— Dataset extract —
------------------------------------------------------------------------

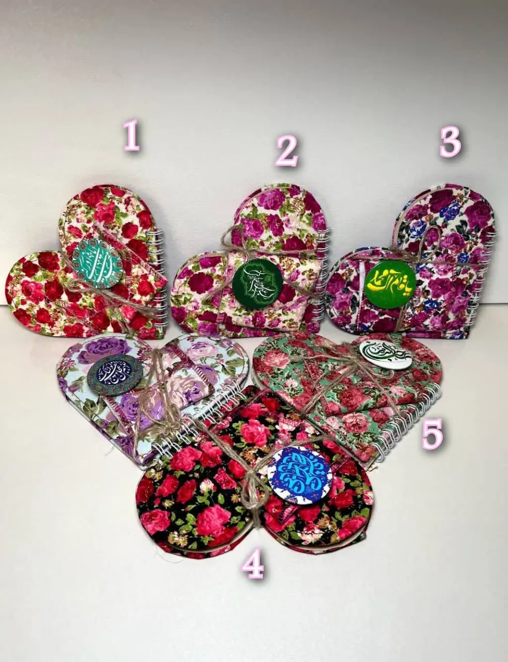 تنوع چند طرح مختلف زیبا داره .شامل دفترچه، جانماز و پیکسل هست. دفترچه ۴۵ برگی و دارای برگه های کاهی و بدون خطه و ابعاد حدودی جانمازهای جیبی ۸ در ۸ هست.
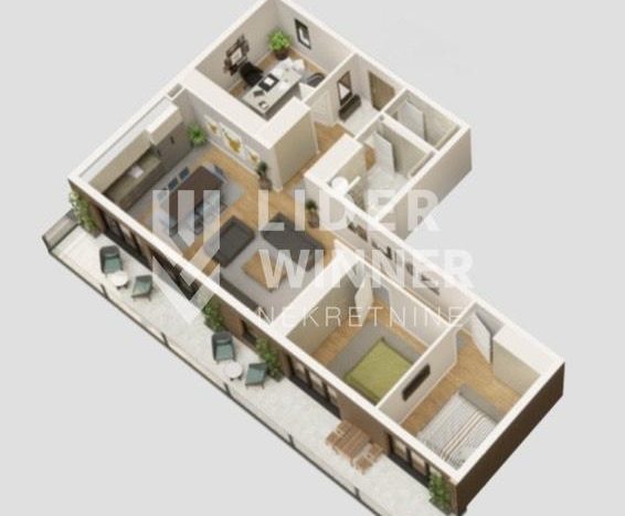 Strukturu stana čine dnevni boravak sa trpezarijom i kuhinjom, 3 spavaće sobe, kupatilo, toalet i terasa.
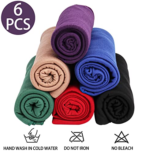 6 Pieces Stretch Jersey Headwraps Urban Hair Scarf Ultra Soft Extra Long Breathable Solid Color Turban for Women

------------------------------------------------------------------------

— What is being asked —
Keep the pictures out while you retype all of the data above exactly as it appears.

— Written reply —
 تنوع چند طرح مختلف زیبا داره .شامل دفترچه، جانماز و پیکسل هست. دفترچه ۴۵ برگی و دارای برگه های کاهی و بدون خطه و ابعاد حدودی جانمازهای جیبی ۸ در ۸ هست.
 Strukturu stana čine dnevni boravak sa trpezarijom i kuhinjom, 3 spavaće sobe, kupatilo, toalet i terasa.
 6 Pieces Stretch Jersey Headwraps Urban Hair Scarf Ultra Soft Extra Long Breathable Solid Color Turban for Women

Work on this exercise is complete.